Ebola yada bu Ebola ateşi yüksek ateşe neden olan ve iç kanamaya yol açabilen bulaşıcı bir hastalıktır. Enfeksiyon, Ebola virüsünden kaynaklanır ve kişiden kişiye bulaşabilir.
Ebola nedir?
Ebola ilk olarak 1970'lerde Orta Afrika'da belgelendi. Ebola'nın hemorajik formu söz konusu olduğunda, ölüm oranı özellikle yüksektir: dört hastadan üçü iç kanamadan ölür.
Tropikal hastalık, hastalığın ilk ortaya çıktığı aynı adı taşıyan Afrika nehrinin adını almıştır. Ebola oluşumu Orta Afrika ile sınırlıdır. Bununla birlikte, Afrika dışında izole edilmiş Ebola vakaları da olmuştur, bunların tümü ilgili kişilerin Afrika'nın ilgili bölgelerinde daha önce kalışlarına kadar izlenebilir.
Ebola, yaklaşık yarısı hastalıktan sağ kurtulan birkaç yüz enfekte insanın bulunduğu yerel salgınlarda tekrar tekrar ortaya çıkar.
Afrika'da Ebola virüsü enfeksiyonunun şematik gösterimi. Büyütmek için resme tıklayın.nedenleri
Ebola hastalığının nedeni, hemorajik ateşe neden olan virüs grubuna aittir. sarı humma ve dang virüslerini de içerir. Ebola virüsü grubu, 1967'de Marbug'da Afrika maymunlarının laboratuarında Ebola benzeri virüsle enfekte olan birkaç bilim adamının ölümlerinden sorumlu olan Marburg virüsünü de içeriyor.
Bu nedenle, öncelikle maymunların, fakat aynı zamanda kemirgenlerin, yarasaların ve böceklerin tehlikeli Ebola virüsünün taşıyıcıları olduğu varsayılmaktadır. Virüsler, hasta hayvanları yiyerek de insanlara bulaşabilir. Kişiden kişiye bulaşma, kan, vücut salgıları gibi vücut sıvıları veya basit bulaşma ve damlacık enfeksiyonları yoluyla gerçekleşir.

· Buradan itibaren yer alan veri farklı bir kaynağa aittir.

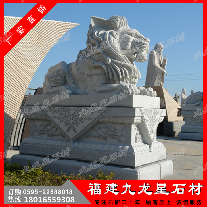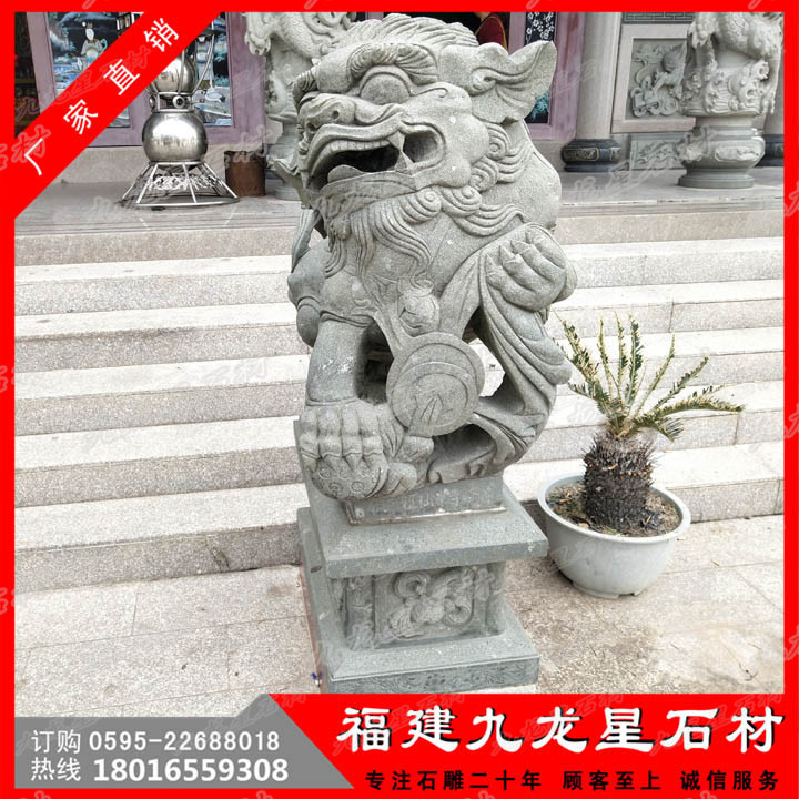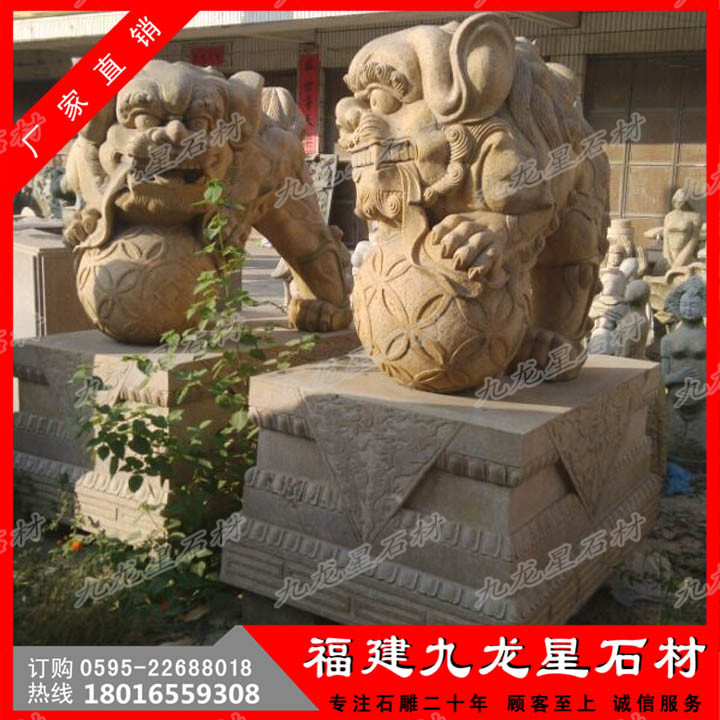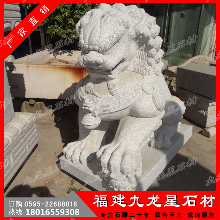 石雕動(dòng)物獅子的腦門(mén)寬闊隆起,天庭飽滿,下頜裂開(kāi),地閣方圓.眼窩深,眼球鼓,鼻根深陷,張嘴似欲吞欲笑,多呈憨態(tài).毛發(fā)呈卷曲紐狀,自然地附著頸項(xiàng)部,更顯得威而不怒,猛而不殘.石獅有雌雄兩種:雄獅口含圓珠,耳呈葉狀,兩邊超過(guò)卷毛高度,毛發(fā)卷曲很有規(guī)律,布滿了耳、頸部。有時(shí)腳蹬繡球,表示其性貪玩耍.而雌獅身上多背小石獅子,或足下踩小石獅,表示一種"母愛(ài)",很有情趣,一般情況下,門(mén)左置雄獅,門(mén)右置雌獅。

Hastalığın sadece akut fazındaki hastaların bulaşıcı olduğu gözlenmiştir. Hastalar, hastalığın başlangıcından önceki ve iyileşme sonrası kuluçka döneminde Ebola virüsünü bulaştırmazlar.
Belirtiler, rahatsızlıklar ve işaretler
İnsanlarda tipik Ebola ateşi semptomlarının şematik gösterimi.Ebola ile enfekte iseniz, ilk belirtiler iki ila 21 gün sonra ortaya çıkar. Hastalığın ana semptomları baş ağrısı ve vücut ağrılarının yanı sıra mide bulantısı ve [kusma] 9'u içerir. Hastalar [[iştahsızlık] 9 yaşar ve bu da nispeten hızlı bir şekilde [[kilo kaybına
Buna genellikle yüksek ateş eşlik eder ve kendini titreme, terleme ve diğer tipik semptomlarla gösterir. Dışa doğru bir işaret, ilk olarak boyun bölgesinde ortaya çıkan ve tüm sırt, göğüs ve kollara yayılabilen tipik döküntüdür. Ebola enfeksiyonu sırasında böbrekler ve karaciğer arızalanabilir.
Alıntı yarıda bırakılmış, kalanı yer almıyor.